Opinion | How recent graduates entering the job market can outperform AI

Artificial intelligence (AI) is eroding the very capabilities young professionals need to remain valuable in a machine-automated era. That is the real challenge facing graduates entering the workforce. It is not simply a case of AI destroying jobs – though it is – but that it is undermining our cognitive and interpersonal skills.

The numbers are starting to confirm what we suspected. Hong Kong graduates in 2025 found 55 per cent fewer job opportunities than the year before. Over 12 per cent of those aged 20 to 24 were unemployed in December, the second-highest figure on record.
Given a roughly 40-fold reduction in the cost of synthetic cognition (AI) per unit of output, a 2023 prediction that 25 per cent of the city’s workforce would need to change careers by 2028 now looks conservative. Many of Hong Kong’s thousands of legal jobs are threatened by products like Anthropic’s recent plug-in for legal work. Other local applications are bound to come.

Hiring managers make decisions based on economics, not social good. They need to be convinced that a young human worker is a better investment than a machine. Many employers are reluctant to bet on people with no practical experience and no domain knowledge.

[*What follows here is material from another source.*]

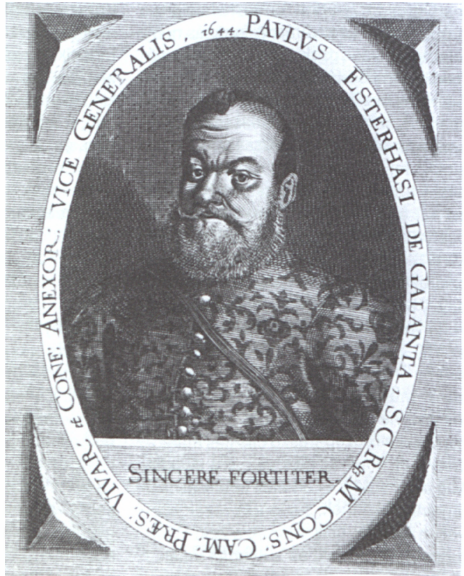
Widemann, Elias: Eszterházy Pál, rézmetszet

Az új épület és a várkastély a múltban is összetartozott. A kiskastély a 17 században a prefektus szállása volt, 1651-ben lakodalmos házként szerepel a forrásokban. A 18. század első felében épült át a fogolykiváltó rend kolostorának és templomának. A helyreállítás eredményeként a múlt egymásra rakódott rétegei, az épület építési periódusai, a legkorábbi rész, a késő középkori lakóépület pincéjének bemutatásával láthatóak lesznek. A terek lehetőséget kínálnak majd ásatási anyag bemutatására, és a késő középkori lakóépület pinceterének élményére is. A kör-

Management may prefer to upskill experienced staff to use AI to do more of what they already do. A perceived preference for job-hopping among younger workers only compounds the disincentive. This conforms to our experience as a small company paying high Hong Kong rents.

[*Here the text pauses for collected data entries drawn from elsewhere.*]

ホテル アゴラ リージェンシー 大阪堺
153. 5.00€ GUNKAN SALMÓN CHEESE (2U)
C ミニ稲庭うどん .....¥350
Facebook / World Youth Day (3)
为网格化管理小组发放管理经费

The “productive struggle” of thinking through hard problems, failing, retrying and eventually making breakthroughs has always been at the core of genuine learning. That this struggle is increasingly bypassed is what keeps educators and developmental psychologists awake at night. It’s also what troubles managers when junior staff expect work to be easy. The friction of navigating daily life, of developing street smarts, is being removed for AI natives.